義父に「帯と羽織はどこ?」と聞くと、まだ見ていないもう一つの箪笥の、下の引き出し二つだと言う。その中身を出して、小物はどこかなとその上の引き出しを開けてみると、また着物がどっさり入っているではないか。うわ‥‥と思いながら引き出しを全部開けたら、それも一竿丸ごと着物箪笥だった。
「すいませーん、また出てきましたー」と言いながら、座敷に運ぶ。「ええー」「いったいどんだけあるの」と、目を丸くする従姉たち。いやもう呉服店が開けるくらいあるんですよ‥‥。
仕切りの襖を取り去った8畳6畳続きの座敷に、畳が見えないほど着物の包みが散乱している。ざっと60〜70枚。目眩がしてきた。
「サキちゃん、この色無地いいものだから貰っておきなさいよ」「その帯がさっきのに合うよ」などと勧められて、また数枚貰った。帯も3本ほど。
「でも残念ながら、そんなに頻繁に着る機会がないのよね」と、従姉の一人が言った。「4人でお茶会でもする?サキちゃん主催で」「そうねぇ」。お茶会なんか出たことないけど、せっかく着物着る機会だからやってみるか。


座敷の隅では、叔母たちが洋服の着せ替えごっこをしていた。義母は大胆な花柄が好きだったので、全体に華やかなのが多い。「これ、私には派手過ぎじゃないかね」「そんなことないよ、よく似合ってるわ」「畑やっとっていつも野良着でおるのに、こんな赤いの着て歩いとったら、近所の人に気が狂ったかと思われんかね」「そんなことないない」。
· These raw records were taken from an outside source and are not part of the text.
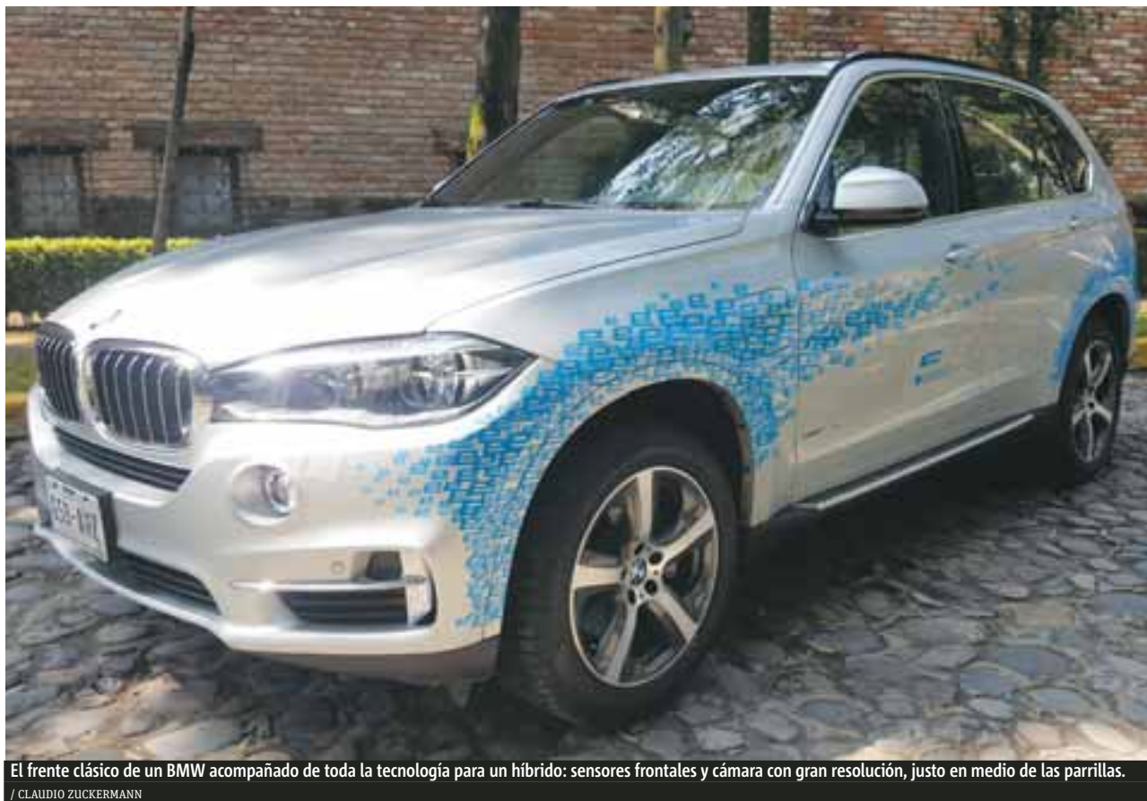
El frente clásico de un BMW acompañado de toda la tecnología para un híbrido: sensores frontales y cámara con gran resolución, justo en medio de las parrillas. / CLAUDIO ZUCKERMANN
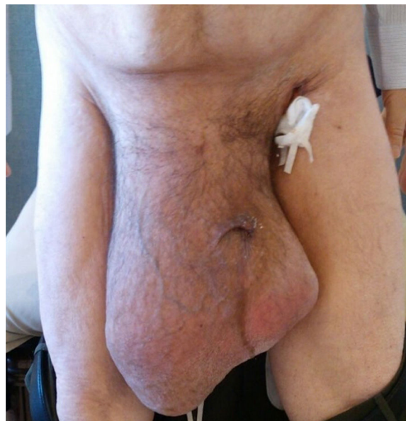
Figura 1 Masculino de 55 años con historia de hernia inguino-escrotal derecha de 30 años de evolución.

Paciente masculino de 55 años, con historia de 30 años de hernia inguino-escrotal gigante (fig. 1), que acude a urgencias por obstrucción urinaria. Se le colocó sonda de Foley; se realizó angiogramía abdominal, la cual mostró: intestino delgado dentro de saco herniario inguino-escrotal derecho sin afectación vascular (figs. 2 y 3); los valores de laboratorio eran normales. Se hospitalizó al paciente colocando, mediante aguja de Veress, un catéter Tenckhoff en el cuadrante superior izquierdo de abdomen (fig. 4), efectuando insuflación (800 a 1,000 c.c.) de aire ambiental en cavidad abdominal, con monitorización de la presión intraabdominal mediante la sonda de Foley conectada a transductor eléctrico de presión; la máxima presión intraabdominal alcanzada de manera paulatina fue de 20 cmH 2 O, correspondiendo a 27.9 mmHg. En el décimo día de hospitalización mediante cirugía se efectuó la colocación del intestino en la cavidad abdominal y resección del saco herniario, y la pared abdominal fue reforzada con malla compuesta. El paciente presentó un postoperatorio sin complicaciones (fig. 5). Este tipo de cirugía representa el modelo de tratamiento que puede ofrecerse a pacientes con hernia inguino-escrotal gigante 1-3 , permitiendo una calidad de vida satisfactoria.
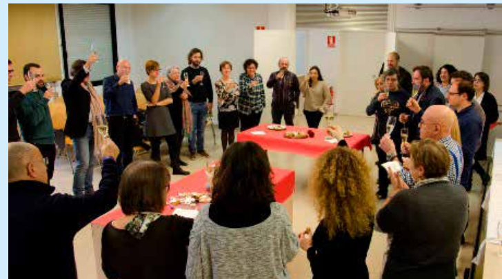
Desitjant-nos unes bones festes de Nadal
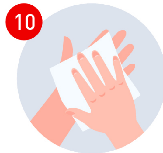
Seca tus manos con una toalla desechable
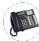
Nortel T7100 T7208 T7406 T7316
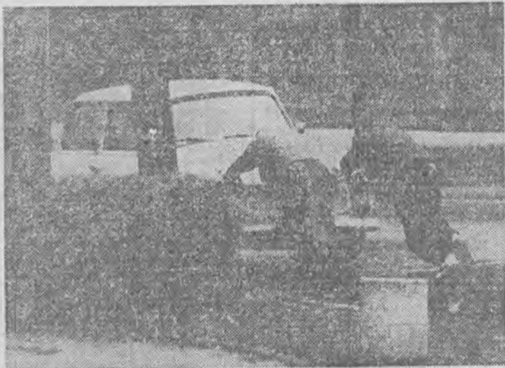
Stary poczciwy trabant odmówił wreszcie posłuszeństwa.
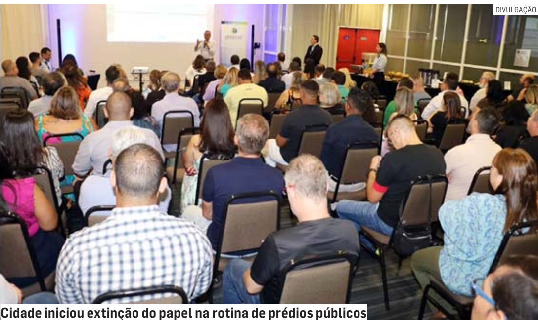
Cidade iniciou extinção do papel na rotina de prédios públicos
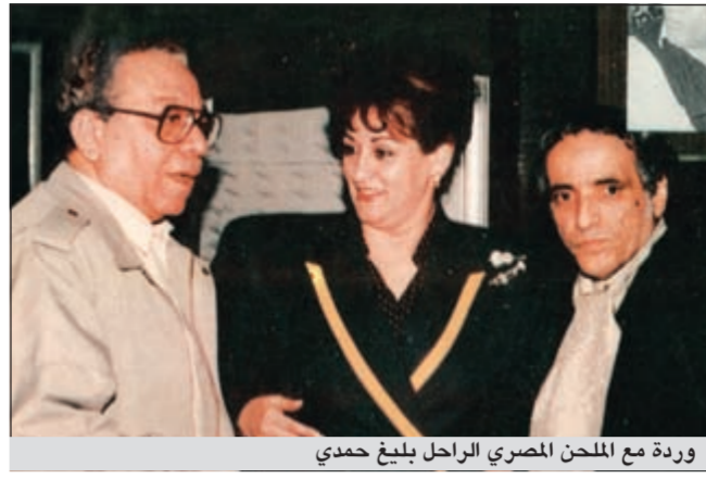
وردة مع الملحن المصري الراحل بليغ حمدي

وكانت السفارة الجزائرية في القاهرة أول جهة علمت بخبر وفاة الفنانة الجزائرية وردة، فانتقل السفير نذير الغرياي وبعض مسؤولي السفارة إلى منزل وردة، ويعددا بدأوا الإجراءات الخاصة بنقل جثمان الراحلة إلى بلادها الجزائر، وذلك عقب وصول أوامر من الرئيس الجزائري عبدالعزیز بو بوتفليقة بإرسال طائرة خاصة
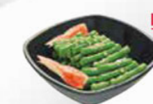
46. GREEN BEANS WITH SESAME DRESSING haricots verts met sesam dressing
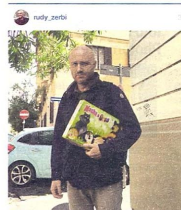
Place a 3.903 persone rudy_zerbi Help! Ditemi come si fa ad uscire dal tunnel di Masha e Orso.
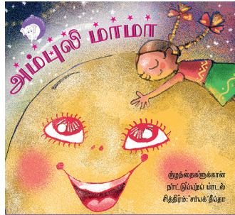
300 கதாவின் 300எம் திங்குடிகு டி
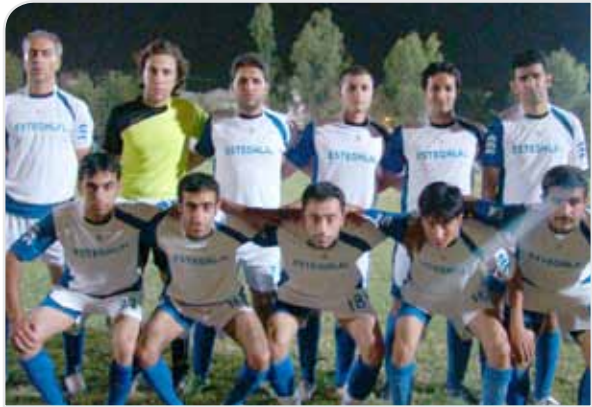
تیم استقلال - [عکس: سعید توکل]

تا پایان هفته سوم پس از شکست ناباورانه خود در هفته اول دو بازی بعدی را مقابل پرسپولیس نوین و گراش جوان با پیروزی پشت سر گذاشت و با تساوی با شاهین در هفته چهارم اکنون ۷ امتیازی است. شاهینی‌ها یک برد و سه تساوی دارند. شاهینی‌ها در هفته اول با جوشن به تساوی رسیدند و هفته دوم ستاره‌آبی را با دو گل شکست دادند و در هفته سوم با گراش جوان نتیجه را تقسیم کردند. اتحاد تا پایان هفته سوم با دو تساوی و ۱ برد ۵ امتیازی بود. تیم‌های گراش جوان و شهدا با ۴ امتیاز، پرسپولیس نوین و مقاومت با ۳ امتیاز و جوشن و ستاره‌آبی با ۱ امتیاز رده‌های چهارم تا نهم را در اختیار دارند.
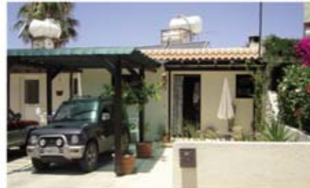
Ref: TRH102. Дом с террасой, 3 спальнями, Хлорака, 199 тыс. €
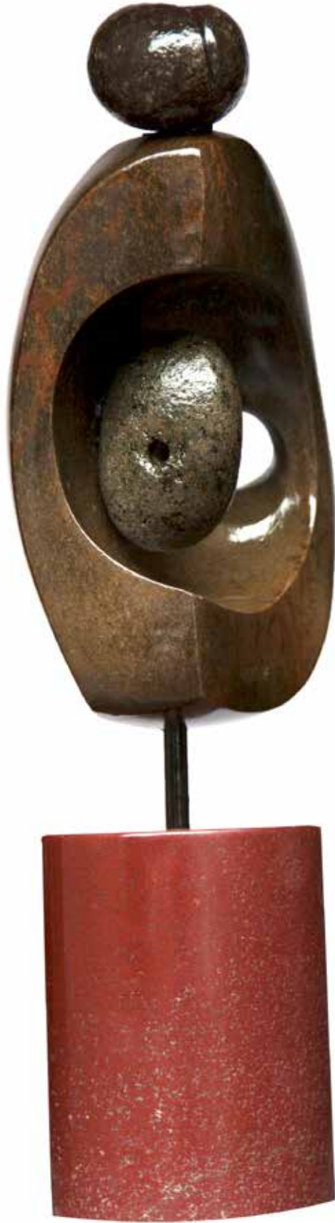
“Ay Işığına Tutunmak”, 42 x 15 x 15 cm, Serpantin, 2000
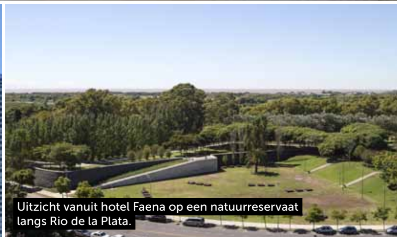
Uitzicht vanuit hotel Faena op een natuurreserveaat langs Rio de la Plata.
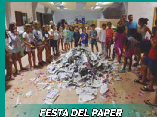
FESTA DEL PAPER
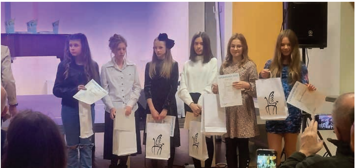
Uczestnicy - kategoria dzieci.
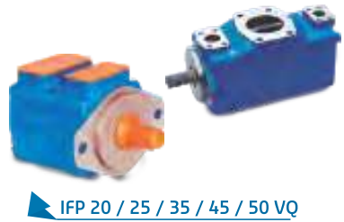
IFP 20 / 25 / 35 / 45 / 50 VQ
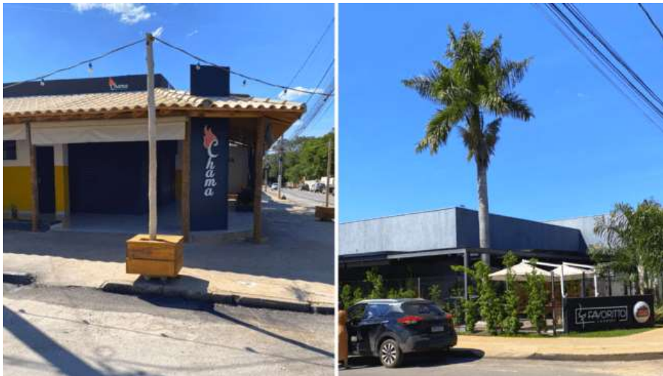
Figura 11: Favoritto Jardins e Chama Espetos

O consumo e a sociabilidade andam juntos, afinal o consumo também é uma manifestação social que se dá pelo movimento do capital, que continua alimentando o ciclo do sistema. Dessa forma a socialização por meio do capital gera um aspecto de segregação. Como discutido ao decorrer do artigo alguns pontos comerciais e espaços criam identificação com certos públicos, podendo os demais serem excluídos dos usos e ocupações de determinados bens e serviços, mesmo que de forma não explícita. Novamente a estética e a comunicação entram na composição desse cenário. Tomando por exemplo a Rua Eusébio Alves Sarmiento e seus pontos comerciais é possível perceber que determinados comércios se comunicam com públicos de diferentes classes sociais, não somente fundamentado no valor (preço) de seus bens e serviços, mas também na construção estética e comunicacional desses locais, criando diferentes perspectivas de possíveis experiências. De forma específica se pode tomar dois pontos comerciais da via analisada como exemplos, o restaurante Favoritto Jardins e o Chama Espetos (figura 11).
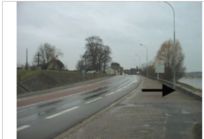
Vue du site BDHE 182 point de repère 237

Coordonnées WGS84 : X: 1.34985168 / Y: 47.58928930
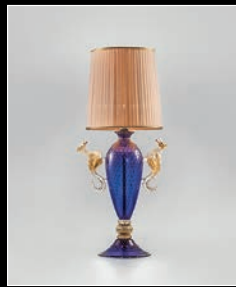
AEGON > 94
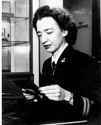
Figura 2: Grace Hopper
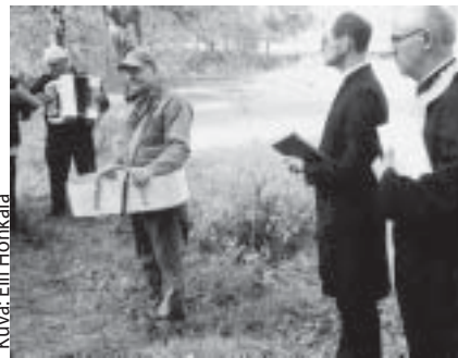
Touon siunaus Porin Ahlaisissa

2時間近くかかって着物と服の形見分けが終わり、次は宝飾品。ここでも「これ、いいものだからとっときなさい」と、指輪をいくつか頂いた。
形見分けの品を車に積み、叔母や従姉たちは喜んで帰っていった。アクセサリー類は全部捌けたものの、着物が半分ほど残った。正絹なのでシミの出ているのもあるし、かなり古くなっているのも。後日、近所で着物に詳しい方がいるらしいので来て頂いて、仕分けすることにした。


着物や宝飾品が好きだった義母と、あまり興味のなかった私。世代の違いもあってか、洋服のセンスもまったく合わなかった。基本的に義母は着物で垢抜ける人だった。
娘のいなかった義母は私に対し、「この人は着物も欲しがらないし、宝石にも興味がなさそうだし、えらく地味好みだし、なんか張り合いがないわね」と思っていたのではないだろうか。そういうことは口に出さず、あれこれ無理に押し付けることはなかったけれども。
いつかは私に譲るつもりで、義母がコツコツ仕立てた大量の着物を思うと、ちょっと遣る瀬なくなる。彼女のようなタイプだったらそれらをもっと上手に受け継いで、日常の中で楽しみ活用できるだろうけど、私には無理だ。生活スタイルも趣味も違い過ぎるから。
義母が身につけてきた着物文化をきちんと継承できない申し訳なさと、気になっていた着物の処遇が決まって肩の荷が軽くなった気分とが交錯する中で、『東京物語』の原節子の台詞「誰だってみんな、自分の生活が一番大切になってくるのよ」が、元の文脈を離れてほろ苦く心に沁みてきた。